Medicare, which will celebrate its 50th anniversary next year, needs to be fixed. But if backers of reform frame that change primarily as a way to reduce federal spending, they are doomed to fail.

The other day, former Republican senator Judd Gregg wrote a guest column in The Hill newspaper about a gathering of policy wonks at Dartmouth College aimed at reforming the health care program for seniors. Gregg, co-chair of Fix the Debt, a nonpartisan group that wants to slow the flow of federal red ink, tried to thread the needle. The Dartmouth group, he wrote, was looking “both to improve the delivery of Medicare to seniors and to reduce its unsustainable cost path, which is a large driver of the nation’s debt.”

Gregg added that Medicare “is not viable in its present structure unless we want to bankrupt future generations to pay for it.”

Gregg isn’t wrong. The problem is we still don’t know enough about how to achieve better care at lower cost.

We do know how to slow the future growth of Medicare spending without improving care: Congress can reduce the program’s benefits or increase the amount seniors pay out of pocket. And that’s the problem. When Judd Gregg—a long time deficit hawk—says the nation needs to reduce projected Medicare spending, liberals hear: He wants to slash the program.

He can talk all he wants about better care, but progressives don’t believe him. They only hear echoes of lawmakers such as House Budget Committee Chair Paul Ryan (R-WI), who uses much of the same rhetoric but whose solution has included dramatically shifting the cost of care  from government to older Americans. Today, government pays for about 70 percent of Medicare costs and consumers pay for about 30 percent. In past budget plans, Ryan would have had seniors pay about 70 percent and government pay about 30 percent.

And the left won’t let him forget it.

With the possibility that Republicans will take full control of Congress in the November elections, liberals are prepared to go to the mattresses over Medicare (and Social Security). They don’t even trust President Obama to hold the line—after all, a couple of years ago he was willing to make cuts to future spending in both programs to get a budget deal with House Speaker John Boehner. That effort collapsed, but liberals have never felt the same about Obama since.
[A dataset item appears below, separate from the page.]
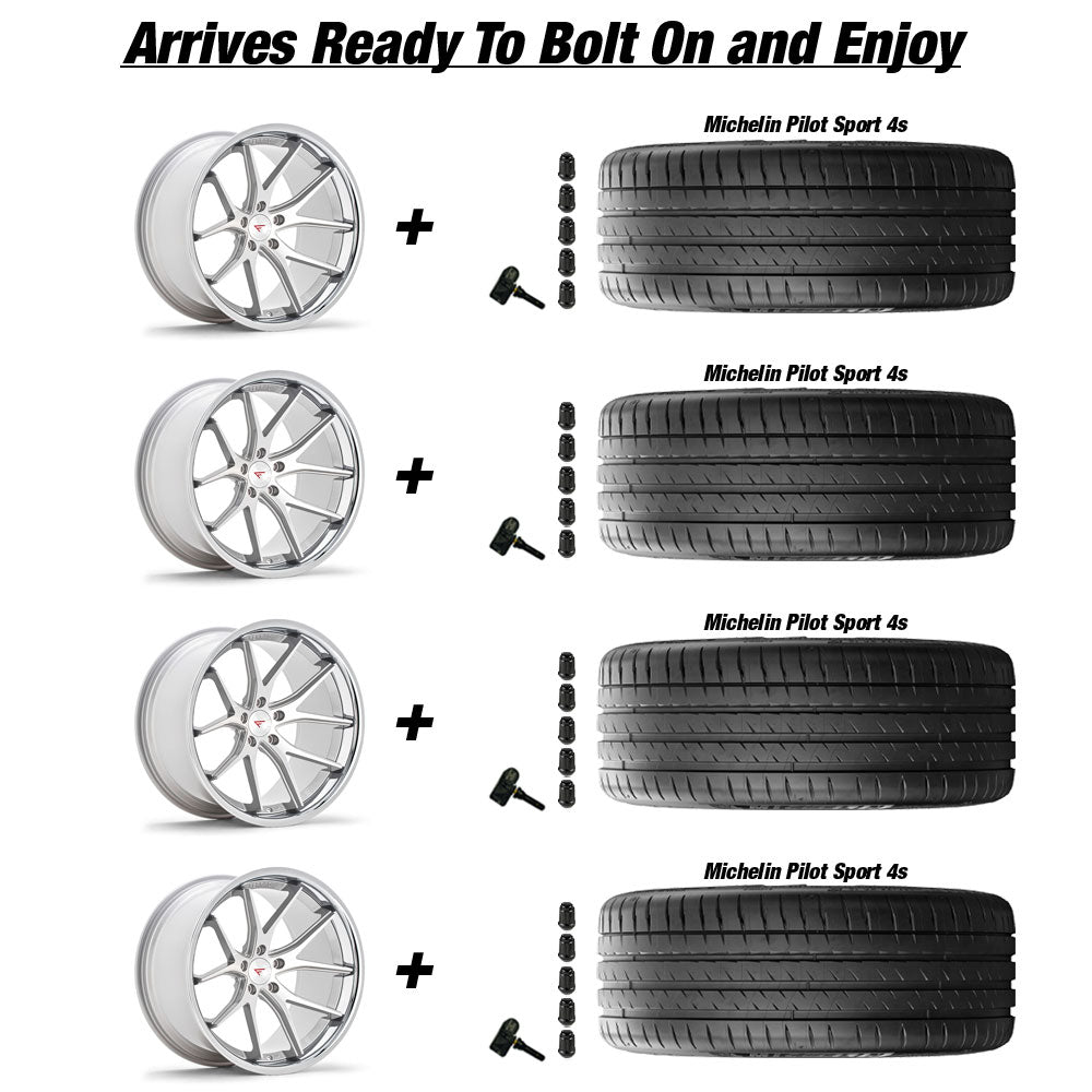 Ferrada FR2 Tesla Model 3 20" Front and Rear Wheel and Tire Package - Machine Silver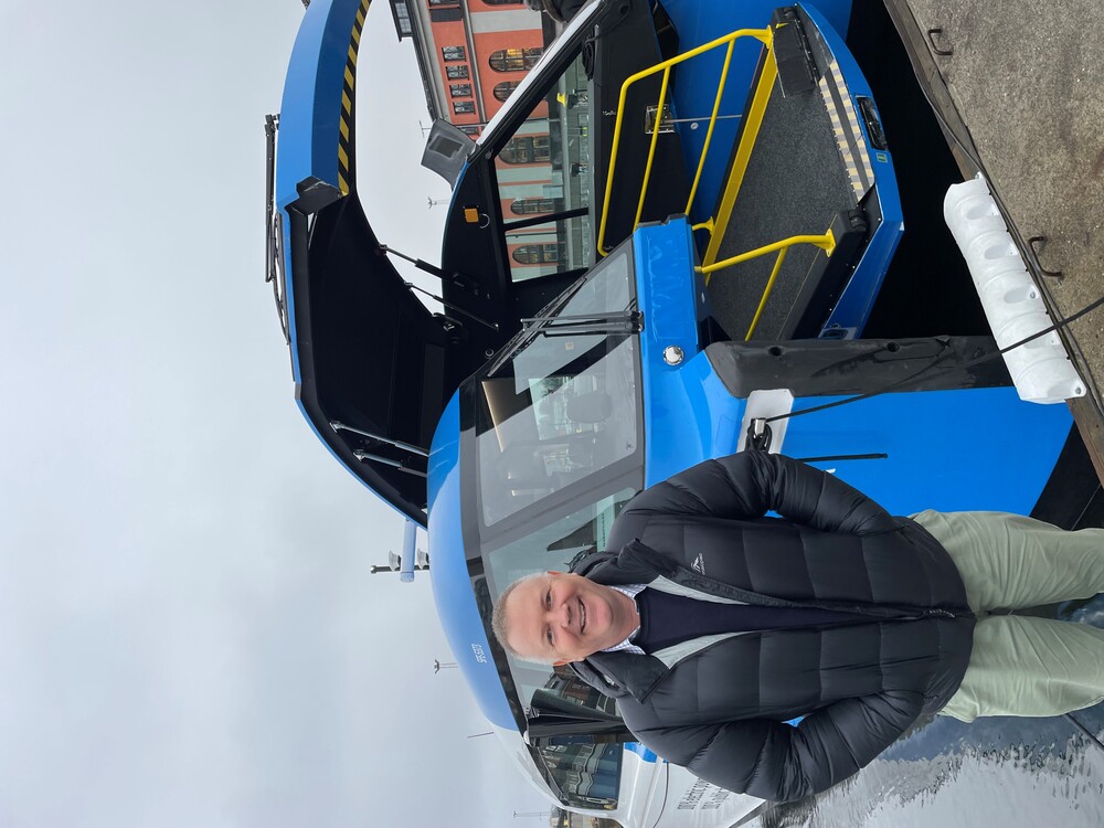 Mike was all smiles after riding the amazing Candela P12 foiling electric passenger ferry in Stockholm. Photo: Supplied

We could cut this Gordian knot if we knew more about how to get long-term cost savings by improving delivery of care. Thanks to the folks at Dartmouth, among others, we’ve learned a great deal about what’s wrong with our health system. Researchers there (in a project known as The Dartmouth Atlas) have carefully measured wide variation in quality and costs in Medicare around the country. And they found that more expensive care in Florida results in outcomes that are no better, and often worse, than lower-cost care in Minnesota.

And many policy analysts (I am among them) are increasingly convinced that better coordinating care can save money and improve quality. They believe that medical teams, better electronic ordering and records systems, and new delivery partnerships such as Accountable Care Organizations can improve outcomes while reducing costs. And they think that shifting financial risk to providers while demanding quality improvement will encourage them to seek the most cost-effective care for their patients.

Like much well-intended health care policy, this sounds like it ought to work. And the evidence that these reforms do improve quality is growing stronger. The trouble is, solid evidence they also save money just isn’t there—at least not yet. For every study that shows cost savings from one of these innovations, there is another that finds little benefit.

Will these reforms achieve what Gregg wants, and save money without compromising care? Truth is, nobody is sure. This is a particular problem for Congress because, without that evidence, the official scorekeepers at the Congressional Budget Office will not credit any cost savings from these reforms. And without official savings, lawmakers won’t act.

We are left, then, with a toxic combination of uncertainty, mistrust, and political gamesmanship. I believe Gregg is well-meaning and serious when he calls for cost savings through delivery reform. But without solid evidence that new care models can permanently bend Medicare’s cost curve and specific agreement on proposals to adopt them, the chances of a bipartisan solution are almost non-existent.